McCoy (first round in 2010), Bowers (2nd, 2011) and Clayborn (1st, 2011) are those three aforementioned high draft picks. Clayborn has started at right defensive end for the Bucs for three years, minus the three months he missed in 2012 with a knee injury, but he'll know get the first crack at left defensive end with Johnson arriving to man the right side. McCoy saw his first two seasons cut short by unrelated arm injuries but has been healthy and a Pro Bowler the last two years. Bowers came out of Clemson with a knee concern and slid in the draft for that reason, and he has had some injury misfortune since, but he was considered a premier pass-rusher before the 2011 draft. Cullen, who saw the Cleveland defense rack up their 40 sacks despite not having a single player get more than 5.5, will hope to get all three of those holdover Bucs involved in the pass rush in 2014.

In fact, the rotation could be even deeper if such second-year players as Akeem Spence, Will Gholston and Steven Means – all mid-round draft picks last year – continue to develop. While Means wasn't given a large amount of playing time on the line in his rookie season, Spence stepped right in as the defensive tackle starter next to McCoy and Gholston eventually wrestled the left end job away from Daniel Te'o-Nesheim.

"Both of those guys came in and really did some great things for young guys," said Cullen of Spence and Gholston, noting that Means would also get an opportunity to compete. "And we've added some guys to the group. I see a lot of promise in that group."

Indeed, as much promise as he saw in the game tape he watched before the start of free agency, Cullen obviously found himself with a more complete and dangerous crew after the rapid signings of Johnson and McDonald. Those two happen to be fast friends from their rookie days together in 2010 with the Bengals; Johnson stayed in Cincinnati and developed into a star defensive end while McDonald moved to Seattle in 2011 and waited for his opportunity. That opportunity arrived last year when he became a significant part of Seattle's own very deep D-Line rotation, racking up 5.5 sacks despite starting only one game. Johnson saw his sack total drop from 11.5 in 2012 to 3.5 last year, but you would have a hard time finding anyone who believes he was less of a player in 2013. Sacks can be a finicky stat, especially when you're suddenly drawing the majority of your foes' attention, but Johnson kept the heat on opposing quarterbacks last year.

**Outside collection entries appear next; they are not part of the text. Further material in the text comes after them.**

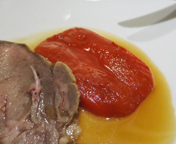 ●合わせたのはふんわりしっとり柔らかくした赤パプリカ、エストラゴンの香りのコンソメと。
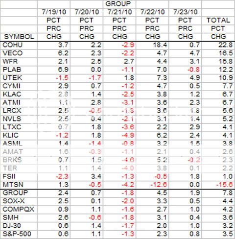 COHU was the big winner for the week with a 'blow out" quarter and more to come for the 3rd quarter. It was up 18.4 percent on Thursday, and managed to add another 0.7 percent on Friday. MTSN was in last place, down 15.6 percent after missing its estimate by 0.01. The estimate was for -0.16 and the actual was -0.17.
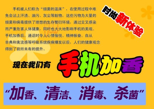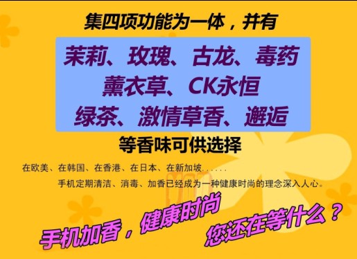 希望大家可以了解到手机加香.消毒.杀菌!是一种健康的手机美容!
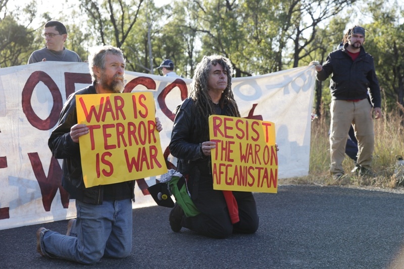 We come to Talisman Sabre to lock the gates, block the access road to the Shoalwater exercise area and read out loud the names of the dead of the war on Afghanistan - ten Australian, hundreds of U.K./U.S. troops, and thousands of Afghani civilians. We come to nonviolently resist this exercise and the expanding, escalating "Af/Pak War" on the Pushtun, Afghani and Pakistani peoples.
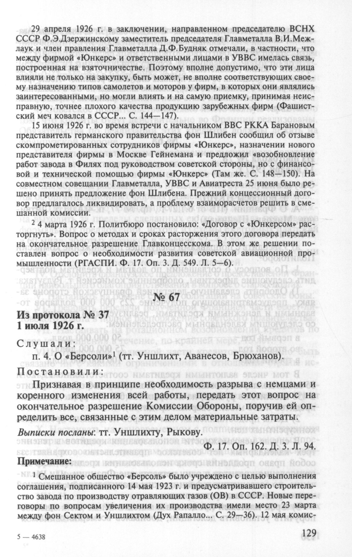 Особый протокол заседания Политбюро ЦК ВКП(б) № 37. 1 июля 1926 г. // РГАСПИ. Ф. 17. Оп. 162. Д. 3. Л. 94.
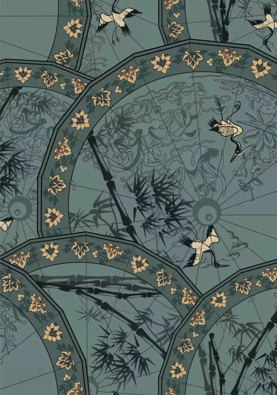 整体运用油纸伞的造型打造优雅的古风。“挑纱荷花满池娇背心儿”。局部图案将鹭鸶佇立,一鹭鸶飞翔,鹭鸶旁衬以水波、荷叶以及野菊、水草、云朵等进行围绕,丰富又古典。
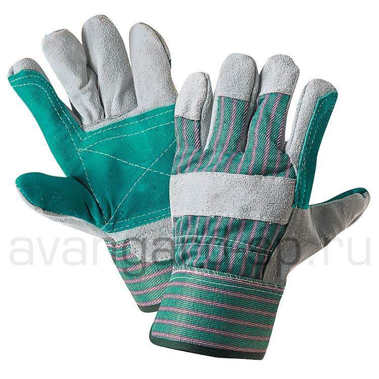 Перчатки комбинированные из качественного говяжьего спилка с хлопчатобумажной тканью.
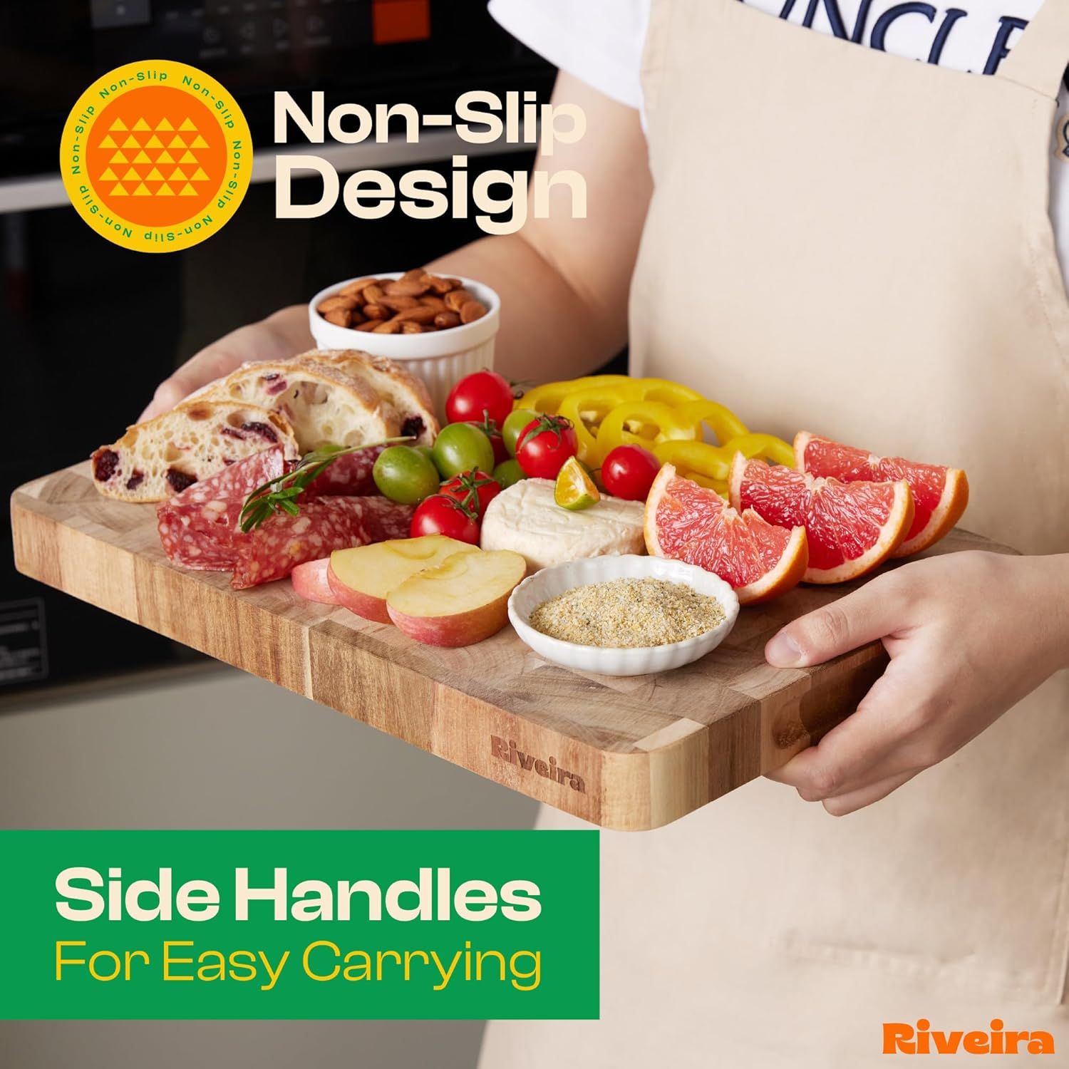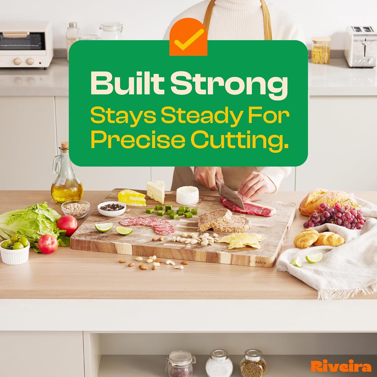 - Premium Crafted Acacia — Take a detour from traditional kitchen aesthetics with this acacia wood board crafted from 100% natural acacia. Beyond being an unconventional and eco-friendly choice, the chopping board wood proudly showcases the environment friendly and organic acacia. This wood cutting boards for kitchen counter adds an unexpected touch of confidence and style to your once-orderly culinary space. Riviera's wooden chopping boards for kitchen will be there for many years to come.

"Any time you can add a player of either one of those guys' caliber, it's going to help a lot," said Cullen. "You look at what Michael has done, coming out of Georgia Tech, what he's done at Cincinnati. Then you look at Clinton McDonald and he really had his first opportunity last year. He had a great year, I believe, for the Super Bowl champs and Michael's been a great presence on the edge the last couple years for Cincinnati. He had 11 and a half sacks a couple years ago and was really disruptive last year. He actually had more pressures last year than he had the previous year."

Shortly after the first wave of free agency had passed, Smith said that the team's early signings were players he considered starters. At some spots, such as at quarterback where newcomer Josh McCown goes to the top of the depth chart, that creates a competition where only one player can make the lineup. On the defensive line, however, the team would be thrilled if Johnson and McDonald are just two leaders in what turns into a deep and talented rotation. Cullen saw quite a bit of promise when he evaluated the Bucs' returning pass-rushers in January and February, and he saw an instant improvement to his group when March brought free agency into play. Now he'll try to bring them together into one unit that channels the great Buccaneer defensive fronts of the past.

"Adding those guys creates competition," said Cullen, "and that's just what we need."